Assistant (LLM): Paris.
You: What is the capital of India?
Assistant (LLM): New Delhi.
Why RAG Is Powerful
| Traditional GPT | GPT + RAG |
|---|---|
| Stuck with training data | Always up-to-date |
| Can’t access private data | Uses company/internal documents |
| May hallucinate facts | Reduces hallucinations |
| Limited personalization | Enables tailored responses |
Real-World Use Cases
RAG powers modern AI systems everywhere:
- Chatbots → Customer support bots fetching company FAQs.
- Knowledge Assistants → Query internal docs and answer complex queries.

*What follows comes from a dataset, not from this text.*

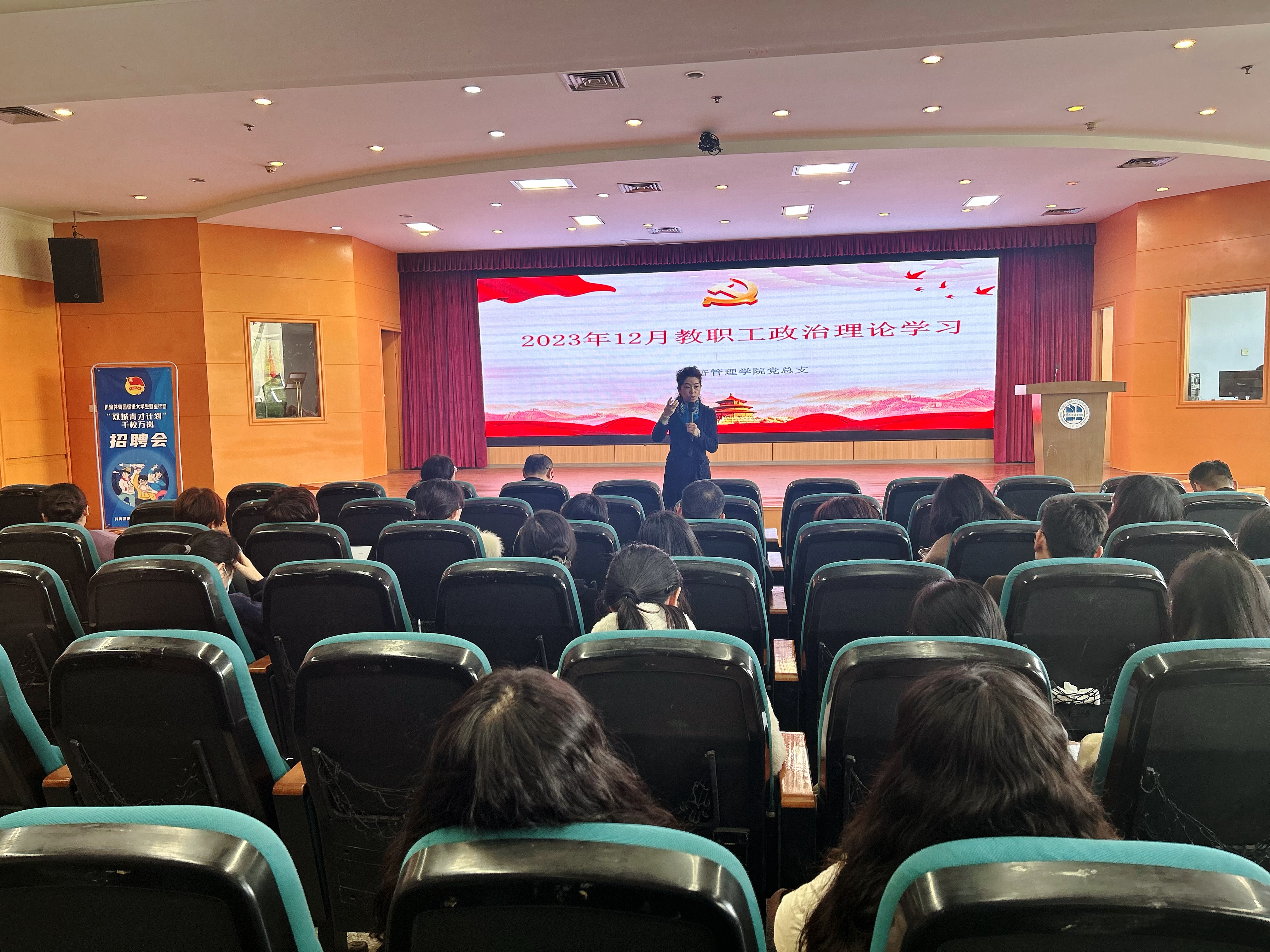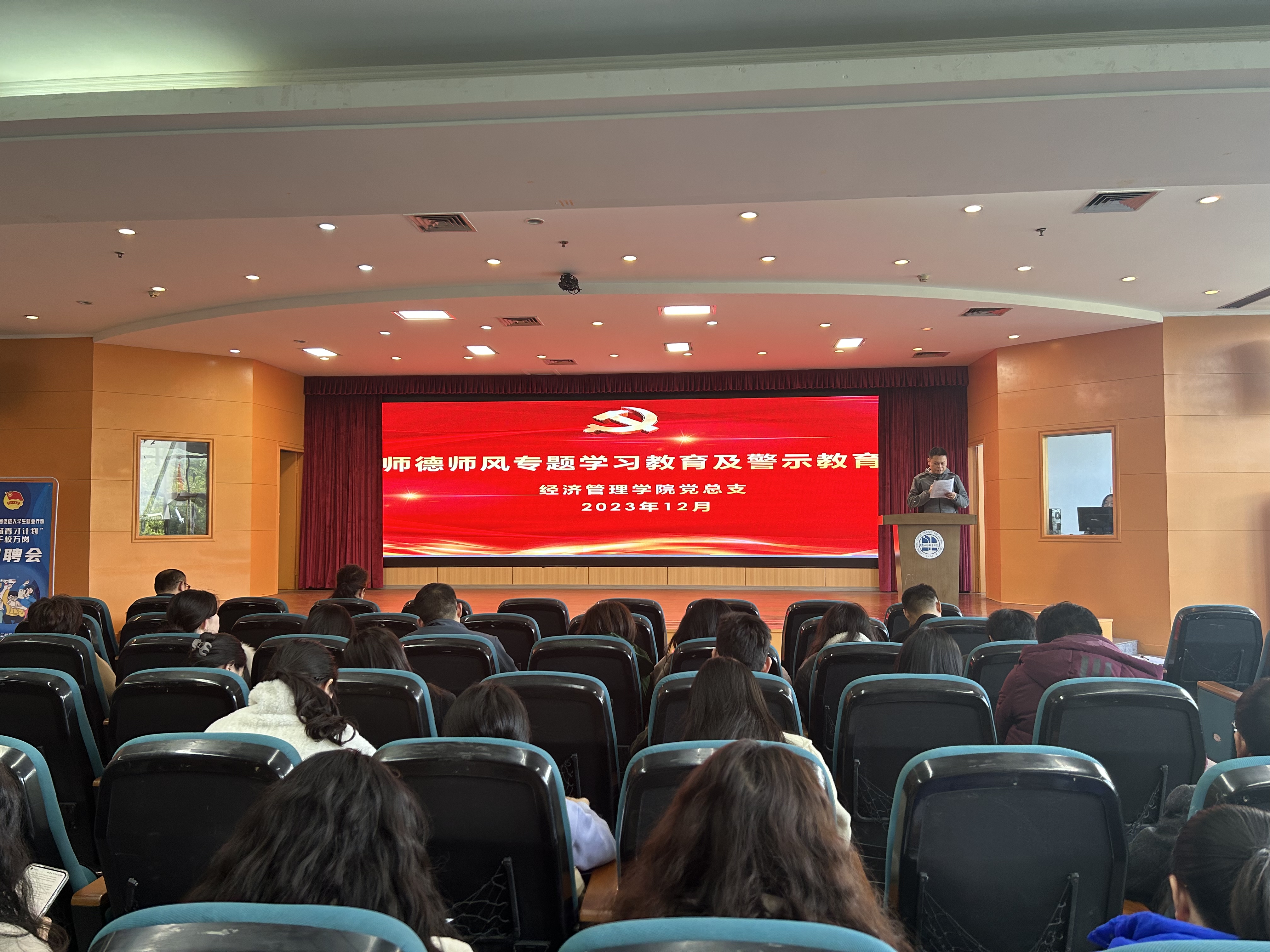12月13日中午,经济管理学院在沙龙校区综合楼学术报告厅开展了12月政治理论学习和师德师风警示教育,会议由党总支组织员李静主持,全体教职工参加学习。

- Search Engines → Use embeddings for semantic search instead of keyword matching.
- Medical & Legal AI → Pull trusted references before generating answers.
If you’ve used ChatGPT with Bing, Perplexity AI, or Claude with Docs, you’ve already experienced RAG in action.
Key Takeaways
- Embeddings convert text into meaningful numbers.
- Vector Databases make searching fast and semantic.
- RAG = GPT + Embeddings + Vector DBs.
- This lets AI reason + retrieve → accurate, up-to-date, and context-aware responses.